# Tossing and turning

A few months ago, someone commented on one of my blog posts and asked how you work out if a coin is biased or not. I've been thinking about the problem since then. It's not a difficult one, but it does bring up some core notions in probability theory and statistics which are very relevant to understanding how A/B testing works, or indeed any kind of statistical test. I'm going to talk you through how you figure out if a coin is biased, including an explanation of some of the basic ideas of statistical tests.

# The trial

A single coin toss is an example of something called a Bernoulli trial, which is any kind of binary decision you can express as a success or failure (e.g. heads or tails). For some reason, most probability texts refer to heads as a success.

We can work out what the probability is of getting different numbers of heads from a number of tosses, or more formally, what's the probability $$P(k)$$ of getting $$k$$ heads from $$n$$ tosses, where $$0 < k ≤ n$$? By hand, we can do it for a few tosses:

 Number of heads (k) Combinations (n) Count Probability 0 TTT 1 1/8 1 HTT THT TTH 3 3/8 2 THH HTH HHT 3 3/8 4 HHH 1 1/8

But what about 1,000 or 1,000,000 tosses - we can't do this many by hand, so what can we do? As you might expect, there's a formula you can use:
$P(k) = \frac{n!} {k!(n-k)!} p^k (1-p)^{n-k}$
$$p$$ is the probability of success in any trial, for example, getting a head. For an unbiased coin $$p=0.5$$; for a coin that's biased 70% heads $$p=0.7$$.

If we plot this function for an unbiased coin ($$p=0.5$$), where $$n=100$$, and $$0 < k ≤ n$$, we see this probability distribution:

This is called a binomial distribution and it looks a lot like the normal distribution for large ($$> 30$$) values of $$n$$.

I'm going to re-label the x-axis as a score equal to the fraction of heads: 0 means all tails, 0.5 means $$\frac{1}{2}$$ heads, and 1 means all heads. With this slight change, we can more easily compare the shape of the distribution for different values of $$n$$.

I've created two charts below for an unbiased coin ($$p=0.5$$), one with $$n=20$$ and one with $$n=40$$. Obviously, the $$n=40$$ chart is narrower, which is easier to see using the score as the x-axis.

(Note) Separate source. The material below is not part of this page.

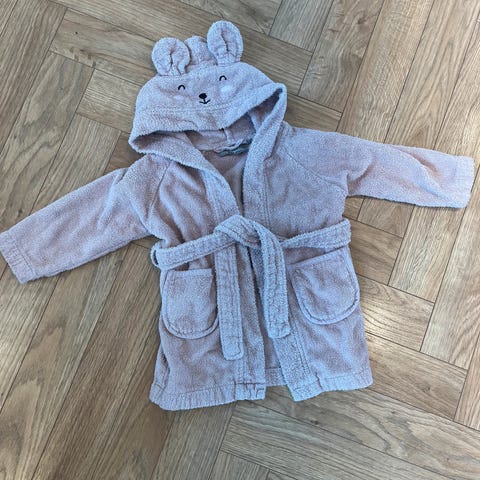 En lyserød badekåbe til børn med hætte formet som et bjørneansigt. Badekåben har lange ærmer og et bindebælte til at stramme om taljen. Materialet ser blødt og behageligt ud, velegnet til at holde varmen efter badet.

As an illustration of what these charts mean, I've colored all scores 0.7 and higher as red. You can see the red area is bigger for $$n=20$$ than $$n=40$$. Bear in mind, the red area represents the probability of a score of 0.7 or higher. In other words, if you toss a fair coin 20 times, you have a 0.058 chance of seeing a score of 0.7 or more, but if you toss a fair coin 40 times, the probability of seeing a 0.7 score drops to 0.008.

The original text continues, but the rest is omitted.